- DATA FOR REVIEW
──────
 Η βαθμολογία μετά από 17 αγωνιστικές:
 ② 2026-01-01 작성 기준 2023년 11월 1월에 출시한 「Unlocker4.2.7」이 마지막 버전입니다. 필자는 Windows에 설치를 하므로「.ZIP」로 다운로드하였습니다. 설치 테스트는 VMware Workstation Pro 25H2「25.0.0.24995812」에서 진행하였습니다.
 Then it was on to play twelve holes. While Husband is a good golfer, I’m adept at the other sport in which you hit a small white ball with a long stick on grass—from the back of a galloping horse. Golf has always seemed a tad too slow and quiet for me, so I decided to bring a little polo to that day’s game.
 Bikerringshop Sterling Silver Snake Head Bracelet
──────
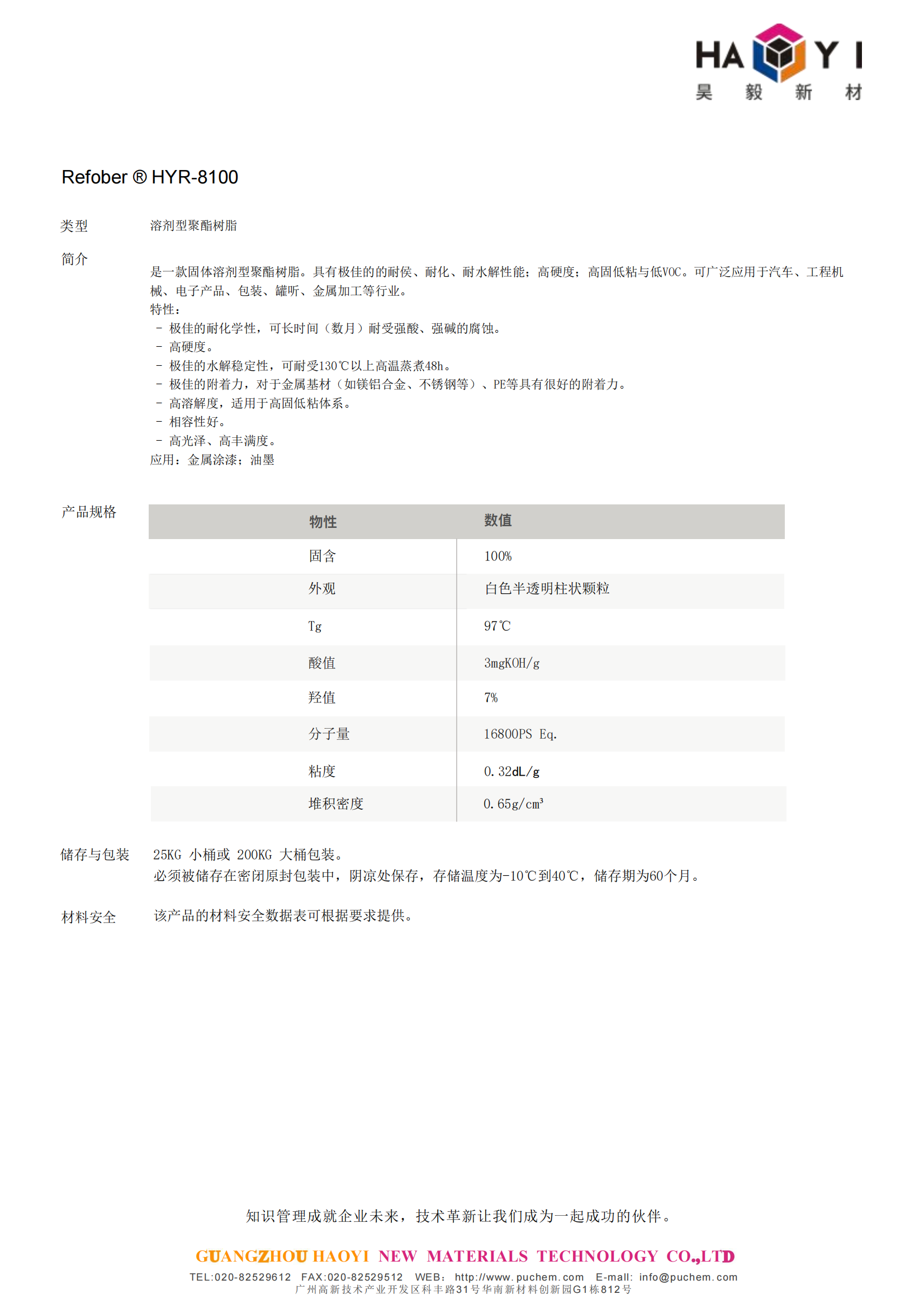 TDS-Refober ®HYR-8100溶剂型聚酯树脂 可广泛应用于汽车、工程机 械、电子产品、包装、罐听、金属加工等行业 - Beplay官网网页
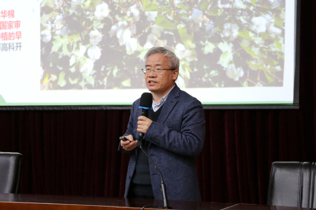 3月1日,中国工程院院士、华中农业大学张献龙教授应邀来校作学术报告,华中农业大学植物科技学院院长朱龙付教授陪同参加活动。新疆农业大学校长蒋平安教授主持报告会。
──────
- EXERCISE DIRECTIONS
From the material above, retype precisely the lines between the line holding "Then it was" and the line holding "Bikerringshop Sterling Silver", inclusive, and nothing beyond them.

- ANSWER SECTION
 Then it was on to play twelve holes. While Husband is a good golfer, I’m adept at the other sport in which you hit a small white ball with a long stick on grass—from the back of a galloping horse. Golf has always seemed a tad too slow and quiet for me, so I decided to bring a little polo to that day’s game.
 Bikerringshop Sterling Silver Snake Head Bracelet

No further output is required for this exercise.